The downside of Ancestry.com integration is the real question of how they protect your privacy. When you’re a member of their web site, you have ultimate control over what Ancestry has access to because they only know what you put on their site. Having access to the whole tree is a whole different issue, and not one I’m sure they’ve addressed. There’s no way to know what information is being sent back and forth. There’s also the issue that you need to have a paid account with Ancestry.com to use this feature, obviously. As I have an account already, this doesn’t affect me, but I wonder what features I will be missing if I decide to cancel my subscription to Ancestry.com?

So I exported a new GEDCOM from Reunion and told FTM to import it. The process was fairly quick, but it came up with over a hundred errors. I told it to load the error log, and something a bit bizarre happened – it launched the log in Notepad for Windows. Now you may be asking yourself how that is possible since I’m on a Mac – the answer being that I have a copy of Windows that runs in Parallels, an emulator. Even though Windows wasn’t running at that time, Parallels is ‘smart’ enough to know that a Windows filetype was launched and will try to launch it in Windows. Now, whether this is misconfiguration on my part with Parallels, or whether FTM actually created a file that is a Windows Notepad file, I’m not 100% sure, but I can say that this feature of Parallels has never before launched windows when the file wasn’t actually a Windows file, so I’m a bit confused. I think it would be nice of FTM to ask which text editor to use when launching text files (something Reunion does) to prevent this kind of mistake.

So what were the errors? They fall into two categories: Non-strict dates and non-standard GEDCOM tags. So first, it seems FTM is being strict about date formatting on import, which is not a bad thing, but annoying in that they don’t give you a way to fix these mistakes as you import. Reunion is actually very good about keeping date formatting strict, and converts all dates you enter into a standard format, but the dates that FTM rejected seem to be dates that I imported from relatives in other GEDCOM files. They include things like:

1939?
END MAY 1936
1932 OR 1935

These are obviously problematic for a strict date system, but I think FTM should have asked me to correct them. Perhaps Reunion did the same thing when I originally imported the GEDCOM they came from, I don’t remember, but there were not so many dates like that and it would be nice to fix them from the beginning. I’ll leave it to the BetterGEDCOM group to come up with a way to support fuzzy dates in a standard fashion.

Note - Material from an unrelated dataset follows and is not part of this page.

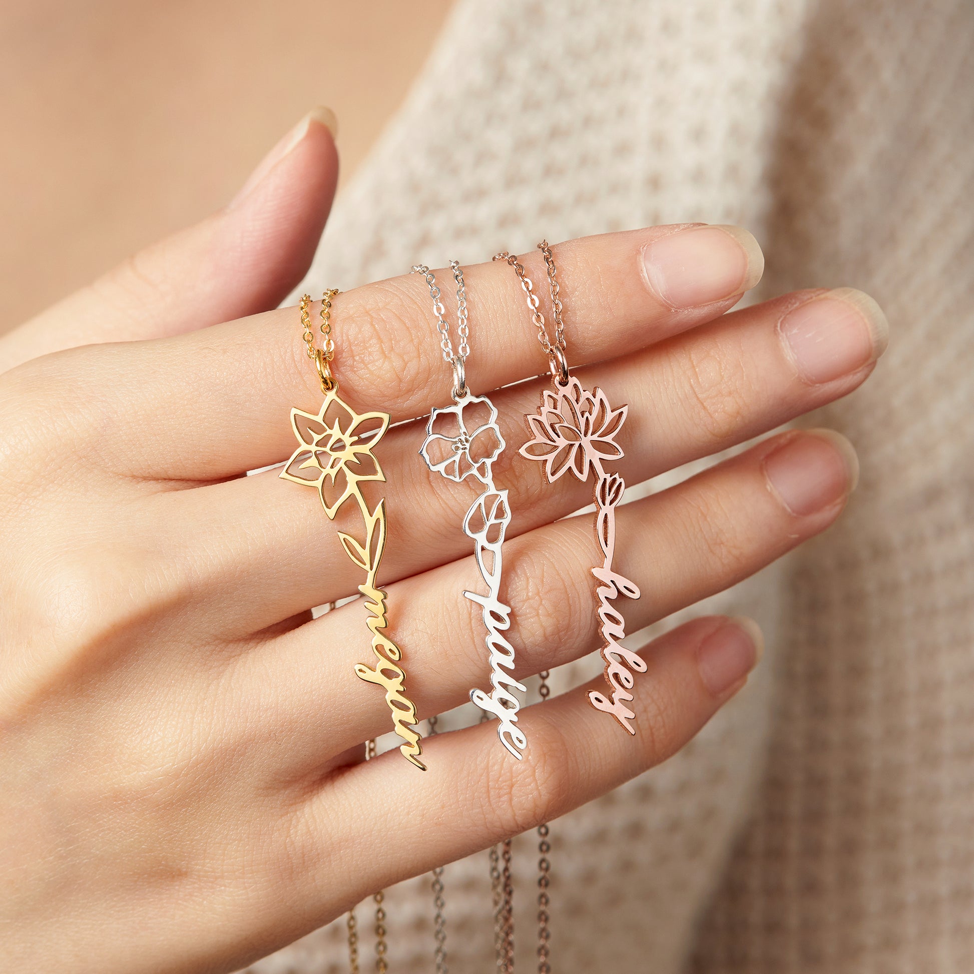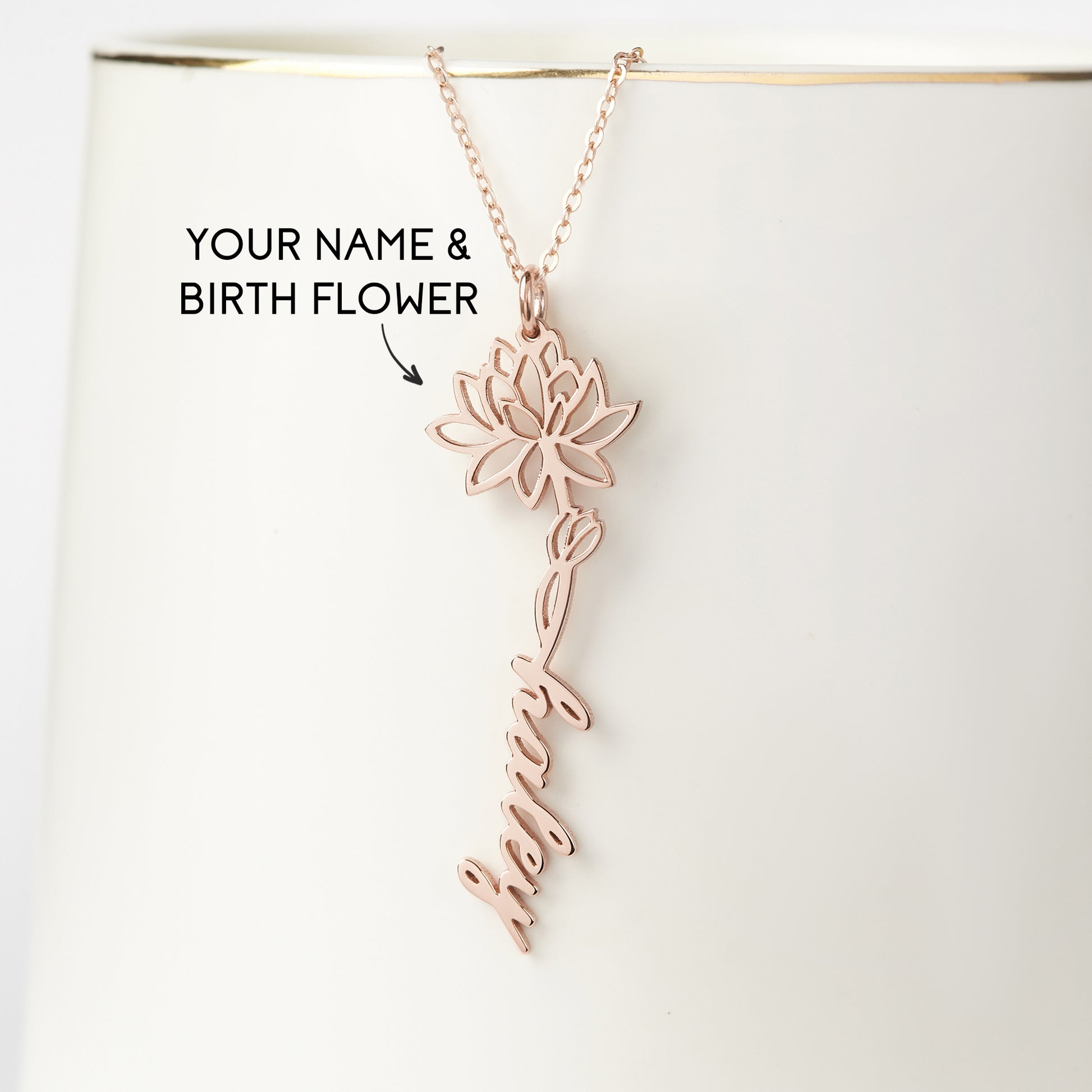 Birth Flower Name Necklace, Custom Name Jewelry, Floral Name Necklace
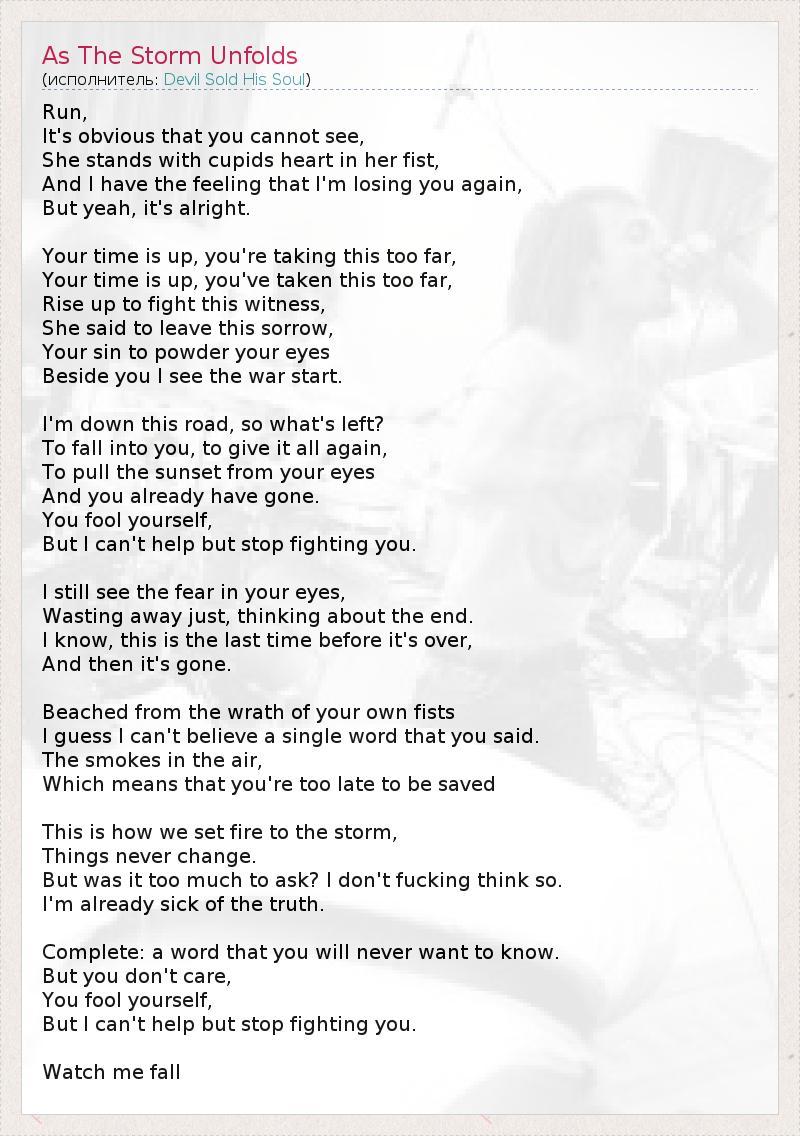 А как ты думаешь, о чем песня "As The Storm Unfolds" ?

The second problem was unrecognized tags. Reunion lets you create custom fields and assign GEDCOM tags to them for export. FTM doesn’t know what to do with these custom tags and does something very bad in my mind – it ignores them. Reunion actually added two of the fields that were ignored, a web site (tag URL) and an e-mail address (tag EMAL) that at some point was added to the profile of the exporter. It’s perfectly normal to add an address and contact information to the information in the GEDCOM file about the person who created it, but I guess e-mail and web sites were not common enough when the GEDCOM standard was last updated for these to be standard tags, and thus FTM ignores them.

The other custom tag, which makes up the bulk of the errors recorded by FTM on import, was the NAMR tag. I may may have made that one up myself, but frankly I don’t remember as it was such a long time ago. The tag is for the custom field I created for Religious Name. In Jewish parlance, the Shem Kodesh or Hebrew Name. For those people whose Hebrew Name I know, I add that to the custom field. Reunion exports it like any other fact about the person, which frankly is what it should do. Maybe FTM doesn’t support custom fields at all, I don’t know yet. If FTM does support custom fields and doesn’t offer a way to create such a field on import, that would be pretty dumb. As you might imagine, going through the error log and figuring out which people had a NAMR tag (the log only shows the line # of the error in the GEDCOM file) and then adding this fact to each record in FTM would be a mind-numbing experience that I would hope is not necessary. As my knowledge of FTM at this point is fairly minimal, I’ll hold judgment on this, but it doesn’t look particularly good.